Stored items:
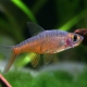 The vateria flower rasbora is a fish living in shoals naturally found at mid-depth. This species is omnivorous . Measuring only a few centimeters, this small species tends to be discreet and hide in the presence of larger neighbors.
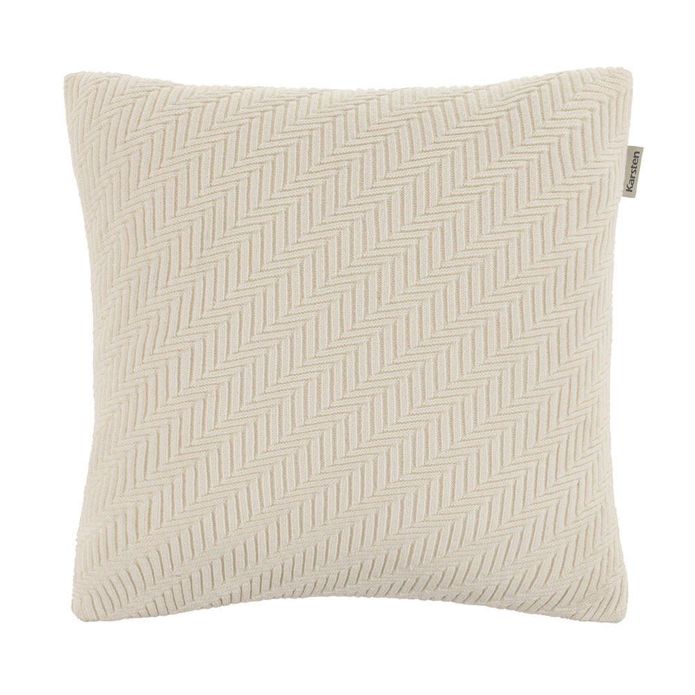 Atributos Almofada decorativa; Tricô geométrico; Acabamento emoldurado; Etiqueta decorativa Karsten; Almofada com zíper invisível
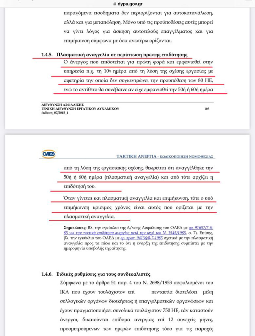 «Αντίθετα», εξηγεί, «όπως αποδεικνύεται από το επίσημο έγγραφο του ΟΑΕΔ στο gov.gr που επισυνάπτω, ο όρος “πλασματική αναγγελία σε περίπτωση πρώτης επιδότησης”, σε καμία περίπτωση δεν σημαίνει πλαστή ή εικονική πρόσληψη. Έχει εντελώς άλλο νόημα και περιεχόμενο, δεν αφορά εμένα, είναι καθαρά υπηρεσιακός και αφορά τον τρόπο λειτουργίας των ίδιων των υπηρεσιών του ΟΑΕΔ».
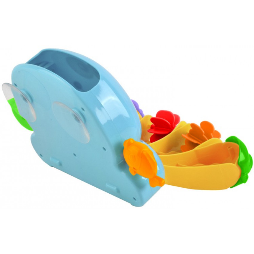 Nádrž na vodu v hornej časti vedie vodu do ústia a potom do malých žliabkov, ktoré ju prelievajú cez rotujúce vrtule alebo farebné postrekovače. Hračka je vybavená pevnými veľkými prísavkami, ktoré ju bez problémov udržia na stene sprchy, vane alebo na obklade či skle.
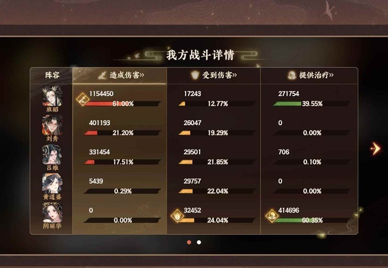 这套一般通关在6-7回合,非常轻松。没有高倍率单体补伤害的话,只带班昭吕雉纯流血也能过,就是回合数长一点。
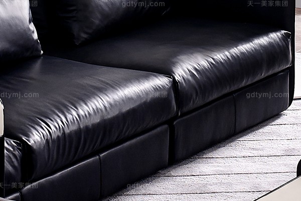 意大利極簡奢現(xiàn)代風(fēng)家具客廳沙發(fā)黑色真皮轉(zhuǎn)角沙發(fā)組合 單人位直背沙發(fā)
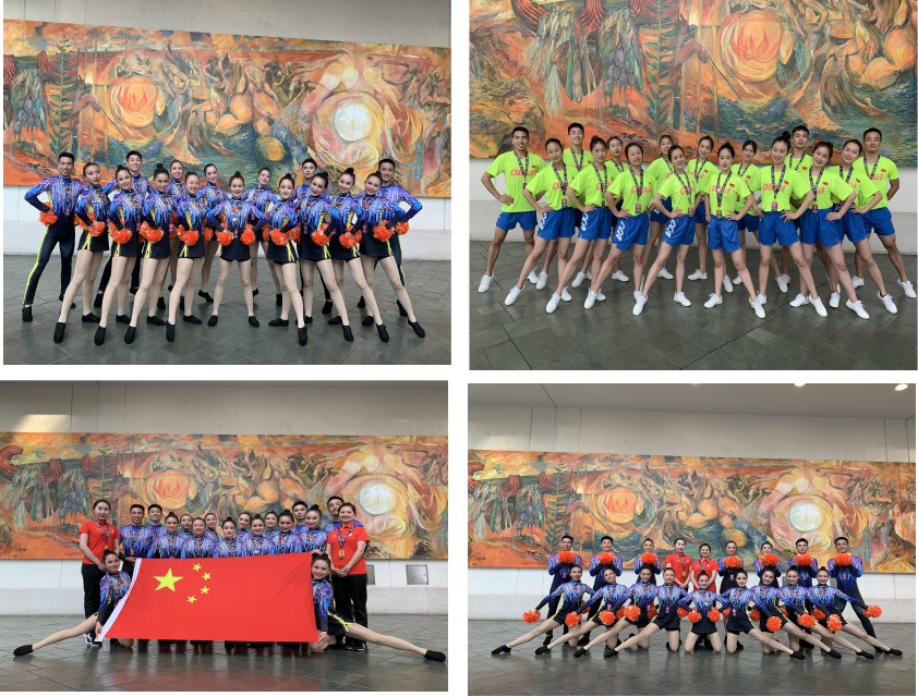 一遍一遍的重复动作,一次一次的突破难度,他们深知,作为第一批走出国门的啦啦操队员,他们不被允许放弃,我们不知道他们拿到这块奖牌时有多么的欢呼雀跃,因为我们无法体会,所有努力没有被辜负的那一份成功,继续加油吧!未来还会更优秀!

§ Aim of the exercise:
What you return must match the records exactly, apart from the images, which are omitted.

§ The completed task:
 The vateria flower rasbora is a fish living in shoals naturally found at mid-depth. This species is omnivorous . Measuring only a few centimeters, this small species tends to be discreet and hide in the presence of larger neighbors.
 Atributos Almofada decorativa; Tricô geométrico; Acabamento emoldurado; Etiqueta decorativa Karsten; Almofada com zíper invisível
 «Αντίθετα», εξηγεί, «όπως αποδεικνύεται από το επίσημο έγγραφο του ΟΑΕΔ στο gov.gr που επισυνάπτω, ο όρος “πλασματική αναγγελία σε περίπτωση πρώτης επιδότησης”, σε καμία περίπτωση δεν σημαίνει πλαστή ή εικονική πρόσληψη. Έχει εντελώς άλλο νόημα και περιεχόμενο, δεν αφορά εμένα, είναι καθαρά υπηρεσιακός και αφορά τον τρόπο λειτουργίας των ίδιων των υπηρεσιών του ΟΑΕΔ».
 Nádrž na vodu v hornej časti vedie vodu do ústia a potom do malých žliabkov, ktoré ju prelievajú cez rotujúce vrtule alebo farebné postrekovače. Hračka je vybavená pevnými veľkými prísavkami, ktoré ju bez problémov udržia na stene sprchy, vane alebo na obklade či skle.
 这套一般通关在6-7回合,非常轻松。没有高倍率单体补伤害的话,只带班昭吕雉纯流血也能过,就是回合数长一点。
 意大利極簡奢現(xiàn)代風(fēng)家具客廳沙發(fā)黑色真皮轉(zhuǎn)角沙發(fā)組合 單人位直背沙發(fā)
 一遍一遍的重复动作,一次一次的突破难度,他们深知,作为第一批走出国门的啦啦操队员,他们不被允许放弃,我们不知道他们拿到这块奖牌时有多么的欢呼雀跃,因为我们无法体会,所有努力没有被辜负的那一份成功,继续加油吧!未来还会更优秀!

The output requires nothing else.